L’or recyclé, une autre option
Comme je vous le disais au début de cet article l’or peut se recycler à l’infini sans perdre ses propriétés exceptionnelles. Il y a aujourd’hui assez d’or sur le marché pour pouvoir répondre aux besoins de la joaillerie, il suffit pour cela de penser à recycler les bijoux que l’on ne porte plus. Cette démarche est de plus en plus acceptée et encouragée par les joailliers qui récupèrent votre or pour vous faire de nouvelles créations.
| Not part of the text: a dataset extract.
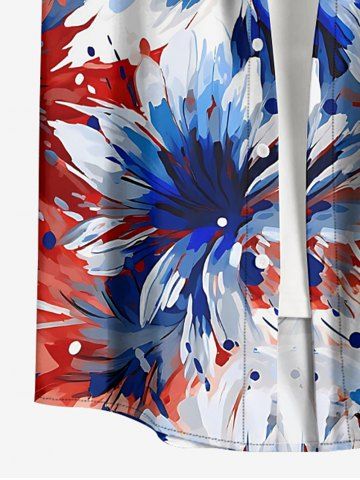 Patriotic Men > Plus Size Patriotic American Flag Flowers Paint Splatter Print Buttons Pocket Shirt For Men

Attention ce n’est pas pour autant que l’or recyclé est parfait, il faut quand même utiliser des produits chimiques lors du processus mais il a au moins l’avantage d’être déjà extrait et le processus de refonte se fait en France donc beaucoup plus sous contrôle.
Les joailleries éthiques
Quelles sont les maisons de joaillerie qui se revendiquent éthiques ? L’une des pionnières sur le sujet est la société Chopard qui utilise depuis longtemps l’or Fairmined d’Amérique latine pour réaliser la palme d’or du Festival de Cannes ainsi que les collections de haute joaillerie « Green Carpet ». Aujourd’hui, la Maison Suisse n’utilise plus que de l’or Fairnined et recyclé pour l’ensemble de sa production tant horlogère que joaillière.
Dans la même veine, il y a Boucheron, Pomellato et Dodo qui affirment qu’ils n’utiliseront, à partir de 2020, plus que de l’or éthique ou recyclé et provenant d’acteurs certifiés RJC.
Depuis quelques années de jeunes joailleries éthiques ont vu le jour telles que : Paulette à bicyclette, April Paris, Or du monde, Héloïse et Abélard, Manal Paris, Mansano, Artaner Paris, Laure Desjonqueres, 57facettes… Ces joailleries connaissent un succès croissant car elles répondent à une vraie demande, qui est de consommer de façon responsable et raisonnée.
Et les pierres précieuses ?
Bien-sûr une joaillerie éthique ne se contente pas de s’assurer de la provenance de l’or utilisé, il y a également le sujet des pierres précieuses. Pour les diamants naturels, il y a aujourd’hui la possibilité de tracer leur provenance grâce au processus de Kimberley et certaines joailleries se sont même tournées vers le diamant de laboratoire. Vous pouvez d’ailleurs retrouver sur ce sujet mon article « Quoi penser du diamant de synthèse ? ».